Aaron Stone wrote:
On Thu, 2005-11-10 at 13:26 -0800, Robert Fleming wrote:
This has been discussed a couple times before. I've tried to summarize
it here:
http://www.dbmail.org/dokuwiki/doku.php?id=unicode_postgresql_database
Bug 218 had to do with problems with Unicode encoding prior to
PostgreSQL 8.1. But everything else sounds like it's to do with the very
nature of proper encodings in general. Is there still a version
dependent component to this issue?
I'm not sure that bug 218 was related to the Unicode fixes in PostgreSQL
8.1 -- attempting to store an ISO 8859-1 string (with octets > 127) in a
UNICODE database would fail with all recent versions of PostgreSQL. But
at the same time I can't make out what exactly happened for the bug
reporter. His message was "Content-Transfer-Encoding: 7bit", thus
/should/ not have had any octets outside the US-ASCII range -- thus
would be storable in a UNICODE db.
It seems to me that these are all the same problem: putting an invalid
UTF-8 sequence in a "text" field in a database with UNICODE encoding.
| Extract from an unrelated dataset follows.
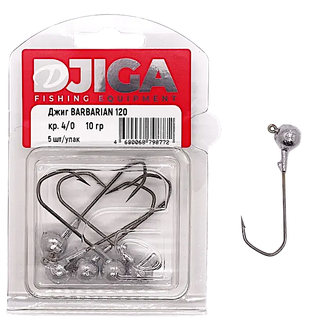Джиг-головка Djiga Barbarian 120 обеспечивает стабильность игры силиконовых приманок. Она выпускается в широком весовом диапазоне, что позволяет использовать ее для оснащения твистеров, виброхвостов и слагов среднего и крупного размера. Крючок изготовлен из прочной проволоки и имеет угловатую форму, за счет чего при забросах силикон не сползает и его не приходится постоянно поправлять.

IMHO, the database should be asked to just store raw octets as they're
received from the Internet (as you mentioned, there are no guarantees
that received messages will not have encoding anomalies). So asking
the database to do automatic encoding conversions via the "client
encoding" mechanism is just going to cause problems (would need to
guarantee perfect round-tripping of conversions, e.g. to preserve
digital signatures).
I would say that in general, this dbmail issue is not dependent on
PostgreSQL version because no recent PostgreSQL version would have
allowed illegal UTF-8 sequences in UNICODE databases.
Robert